Initial exchange listing standards, including governance. To remain listed after the de-SPAC transaction, the combined company will need to satisfy the quantitative and qualitative initial listing standards upon consummation of the business combination. The Corp Fin staff cautions that the private company SPAC target will need to “consider how it will maintain a listing throughout and after the merger. Any material risks associated with delisting, such as the likelihood of the commencement of delisting proceedings by an exchange or the failure to maintain a listing, could trigger disclosure requirements for the combined company.” Initial quantitative standards include the number of round lot holders, publicly held shares, market value of publicly held shares and share price. In particular, the Corp Fin staff points out that, if there were too many redemptions prior to the business combination, the SPAC may not have sufficient round lot holders to meet the listing requirement upon consummation of the business combination.
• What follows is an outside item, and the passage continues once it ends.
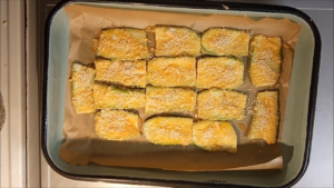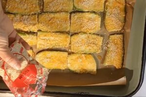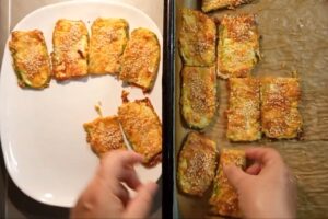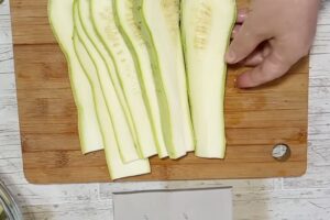 - Tikvice dobro operite, oljuštite (ako su starije). Posolite ih i ostavite da odstoje oko pola sata kako bi so izvukla suvišnu vodu. Uključite rernu da se greje na 200°C i blago podmažite pleh za pečenje sa malo ulja. Nakon pola sata, rukama ili čistom pamučnom krpom dobro iscedite svu tečnost iz tikvica. Ovo je ključan korak kako jelo ne bi bilo gnjecavo.

In addition, the exchanges impose a number of corporate governance qualitative standards, such as requirements for a majority of independent directors and independent board committees, and a code of conduct applicable to all directors, officers and employees. Will the private SPAC target have had adequate opportunity to prepare to meet these listing standards? “Advance planning,” the Corp Fin staff observes, “may be necessary to identify, elect, and on-board a newly-constituted independent board and audit committee, and for them to adequately oversee the preparation and audit of the company’s financial statements, books and records, and internal controls.” Potential non-compliance could be a risk factor, and failure to satisfy a listing standard could require 8-K disclosure.
OCA emphasizes, in particular, the vital role of the audit committee in “auditor selection, a shared responsibility for compliance with auditor independence rules, and oversight of financial reporting, ICFR, and the external audit process.” Effective communications between the audit committee, auditor and management are important for proactive engagement, addressing audit issues and setting the appropriate “tone at the top.” An audit committee composed of directors with appropriate skills and background is “critical to the effectiveness of this dialogue.”
OCA statement regarding auditor considerations. The shift from independence determinations and an audit conducted under AICPA standards to independence determinations and an audit conducted under PCAOB standards may add additional time and complexity to the audit process. In addition, appropriate acceptance and continuance procedures “may require the audit firm to quickly make adjustments to its engagement team to ensure the team has the appropriate level of expertise and experience with SEC and PCAOB requirements.” In that context, auditor independence under the SEC’s rules. is particularly important. The OCA notes that independence questions have arisen related to partner rotation and prior involvement by the auditor in the target’s financials. The OCA advises that it is “important to understand that the general standard of independence applies to all periods included in a registration statement. Under the general standard, an auditor is not independent if, among other things, he or she would be in a position of auditing his or her own work or if he or she acts as management.” OCA advises that auditor independence and audit-related requirements “should be assessed early in the transaction, particularly since these considerations may result in a need to retain a new auditor or to perform additional audit procedures on prior period financial statements.”